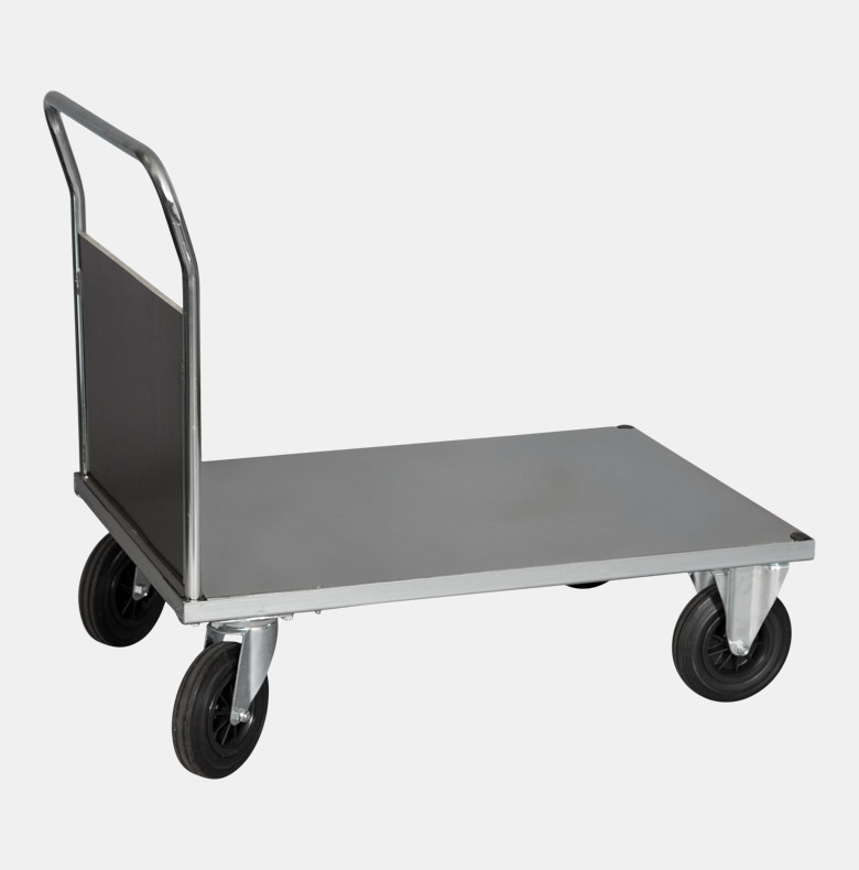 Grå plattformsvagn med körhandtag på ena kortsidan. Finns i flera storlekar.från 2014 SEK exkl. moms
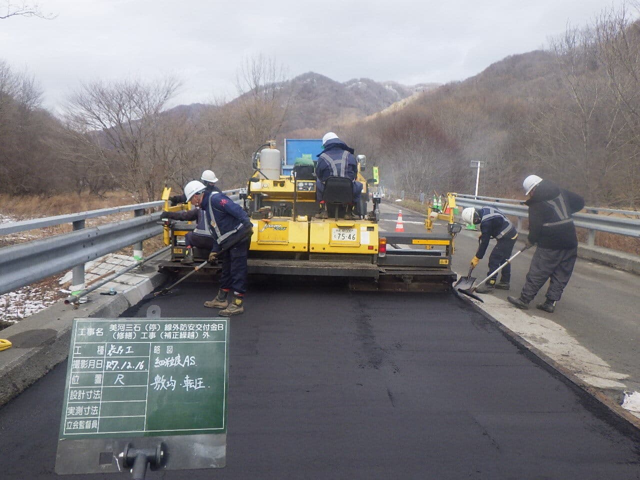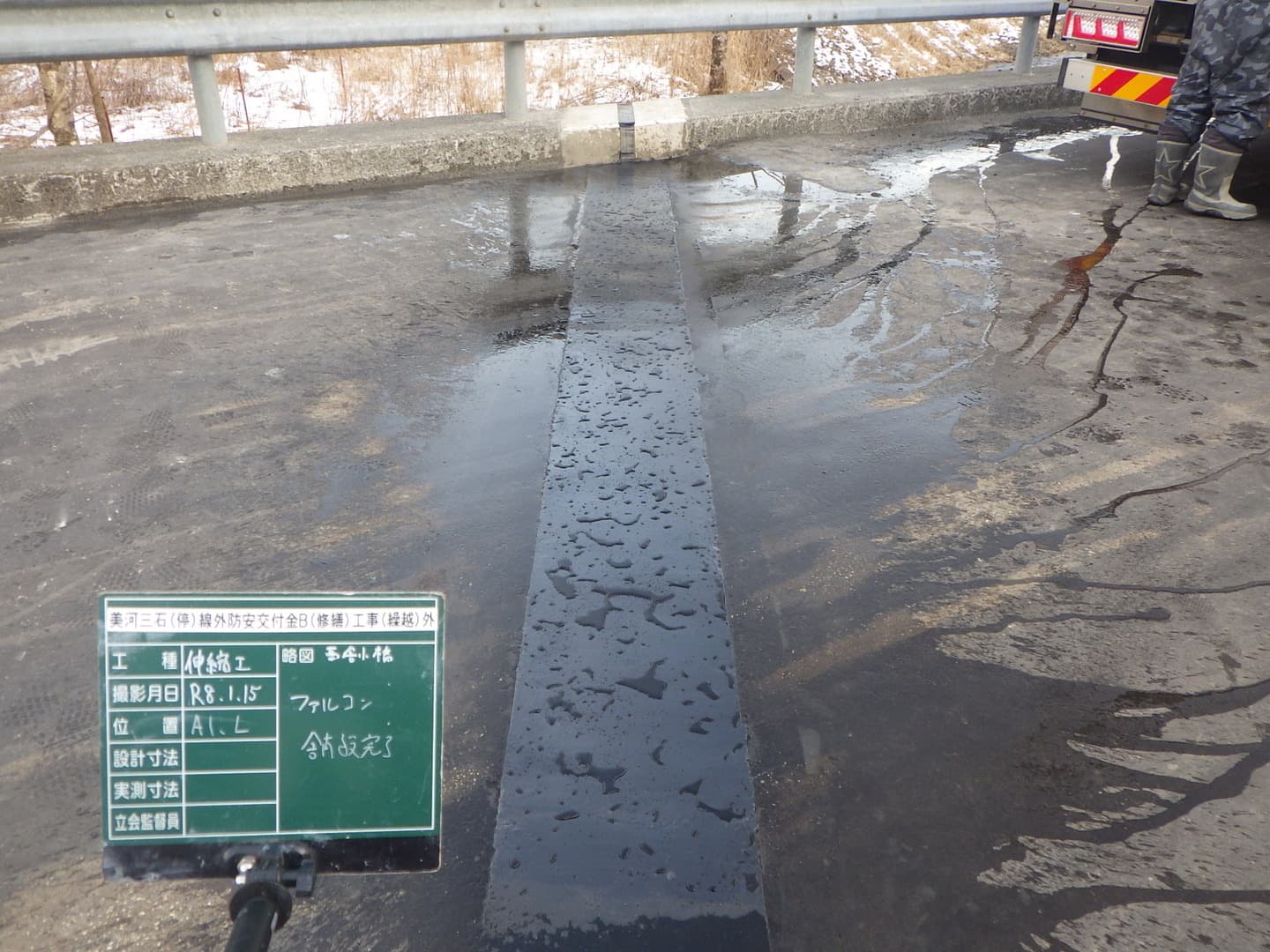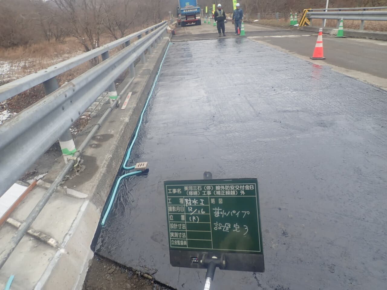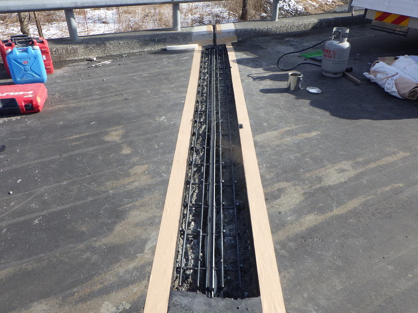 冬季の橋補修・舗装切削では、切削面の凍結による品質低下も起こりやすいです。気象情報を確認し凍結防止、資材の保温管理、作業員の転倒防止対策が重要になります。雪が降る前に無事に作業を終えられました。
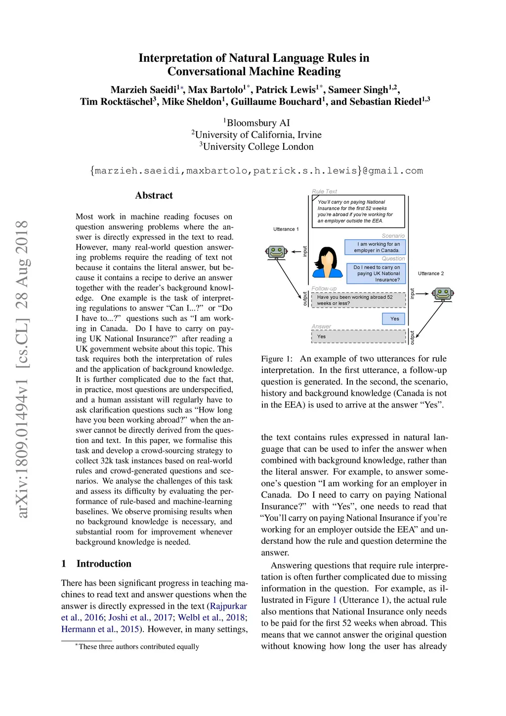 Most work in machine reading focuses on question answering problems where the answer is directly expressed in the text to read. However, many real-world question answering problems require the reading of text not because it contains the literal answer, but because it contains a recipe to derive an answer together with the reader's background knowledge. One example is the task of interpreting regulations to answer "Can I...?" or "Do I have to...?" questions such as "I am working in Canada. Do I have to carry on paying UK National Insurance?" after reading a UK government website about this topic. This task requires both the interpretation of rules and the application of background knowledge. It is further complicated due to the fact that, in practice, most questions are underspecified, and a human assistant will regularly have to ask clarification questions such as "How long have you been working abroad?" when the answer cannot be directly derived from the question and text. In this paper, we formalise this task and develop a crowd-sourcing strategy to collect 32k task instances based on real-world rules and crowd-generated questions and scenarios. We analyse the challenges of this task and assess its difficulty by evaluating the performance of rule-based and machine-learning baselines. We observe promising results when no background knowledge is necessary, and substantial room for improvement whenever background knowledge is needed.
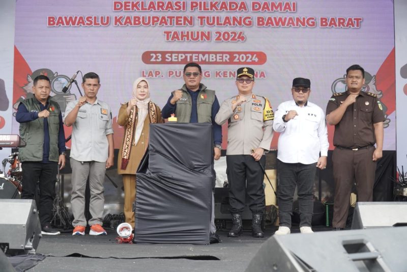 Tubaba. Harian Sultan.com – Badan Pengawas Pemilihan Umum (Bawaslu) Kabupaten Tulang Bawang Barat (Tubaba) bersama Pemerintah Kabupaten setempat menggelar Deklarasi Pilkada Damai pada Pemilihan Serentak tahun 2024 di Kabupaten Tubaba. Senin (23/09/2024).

...

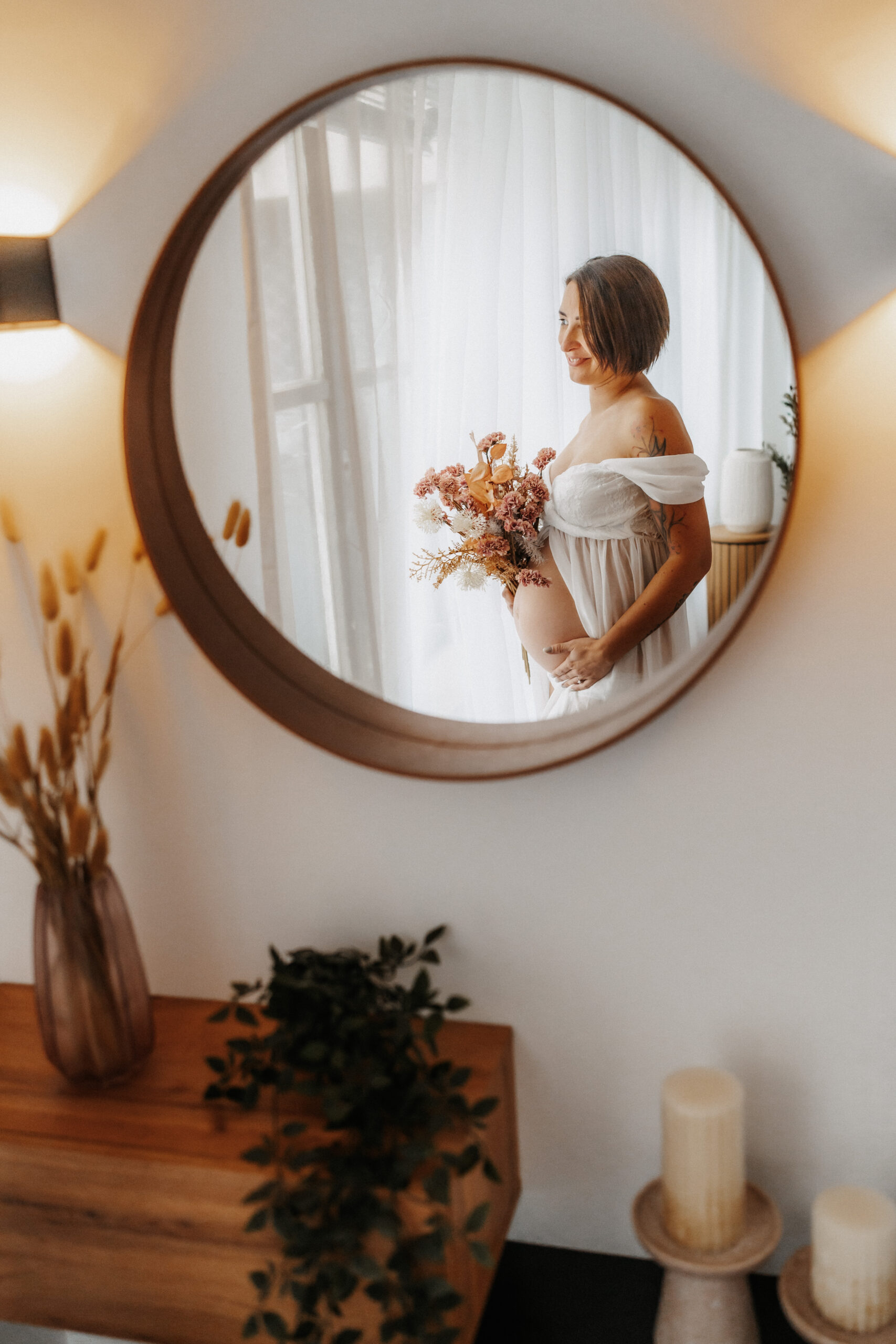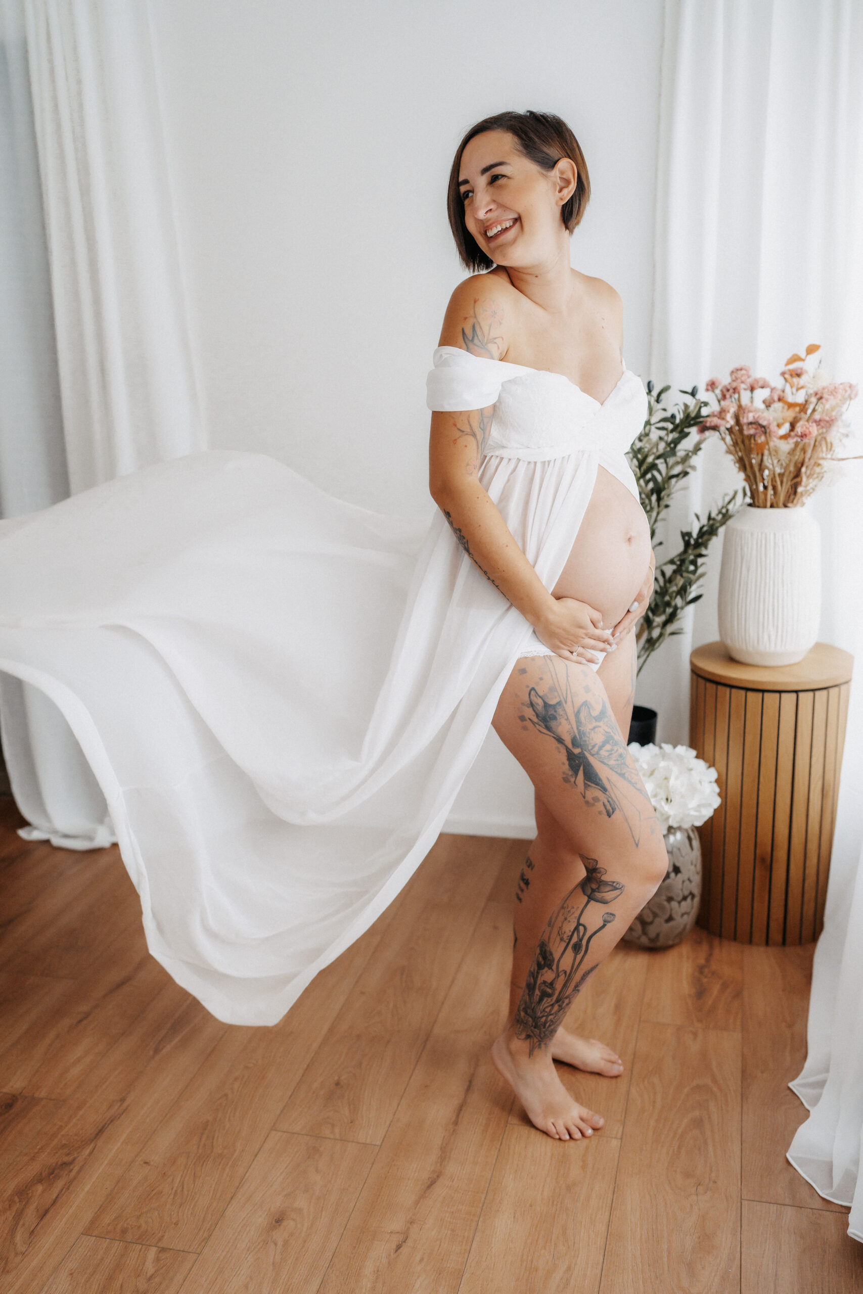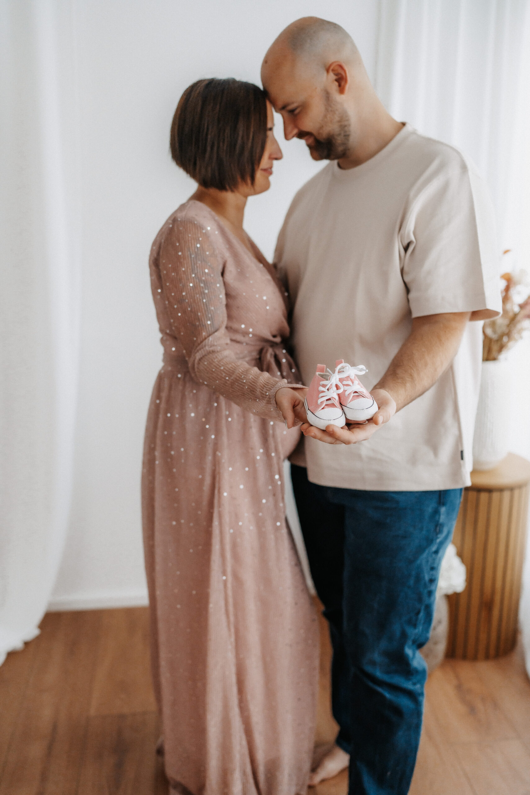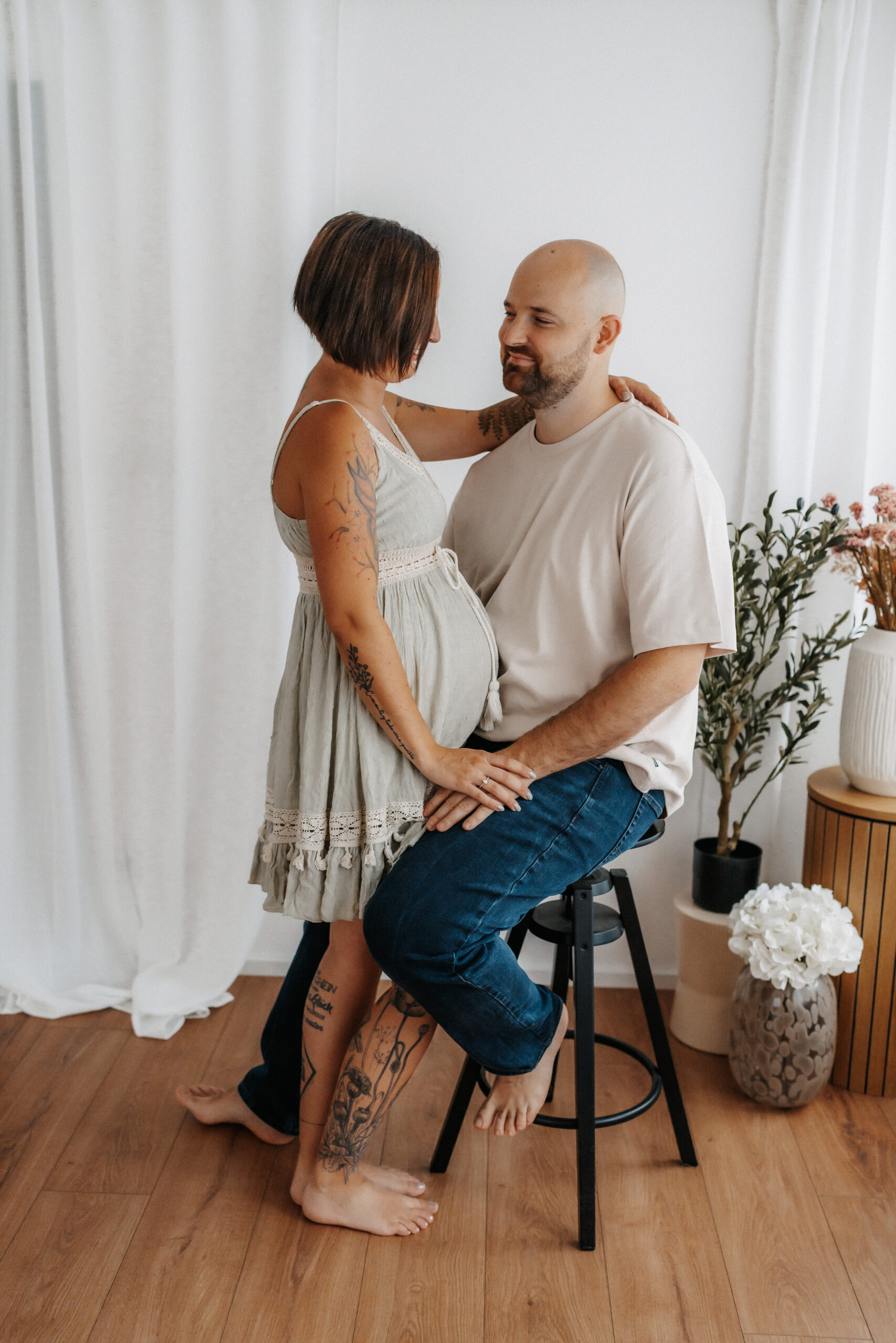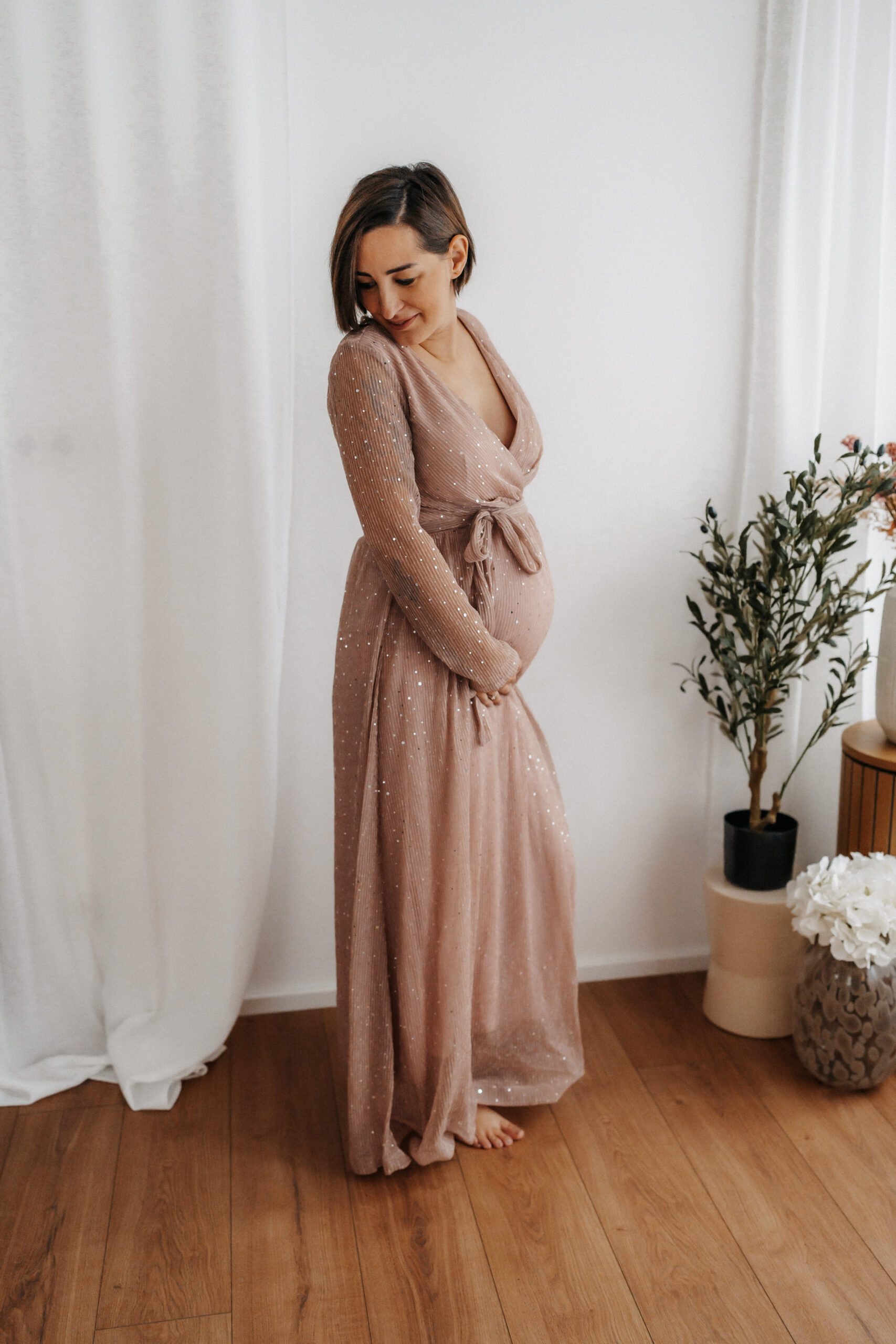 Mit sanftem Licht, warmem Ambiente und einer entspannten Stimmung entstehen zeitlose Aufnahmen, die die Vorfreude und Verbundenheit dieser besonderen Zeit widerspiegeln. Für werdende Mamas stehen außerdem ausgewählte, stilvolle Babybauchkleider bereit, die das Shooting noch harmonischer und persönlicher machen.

▶ Assigned task
Take the entries above and copy exactly the lines starting at the one with "Grå plattformsvagn med" and ending at the one with "冬季の橋補修・舗装切削では、"; nothing outside that span, and no pictures.

▶ Your solution
 Grå plattformsvagn med körhandtag på ena kortsidan. Finns i flera storlekar.från 2014 SEK exkl. moms
 冬季の橋補修・舗装切削では、切削面の凍結による品質低下も起こりやすいです。気象情報を確認し凍結防止、資材の保温管理、作業員の転倒防止対策が重要になります。雪が降る前に無事に作業を終えられました。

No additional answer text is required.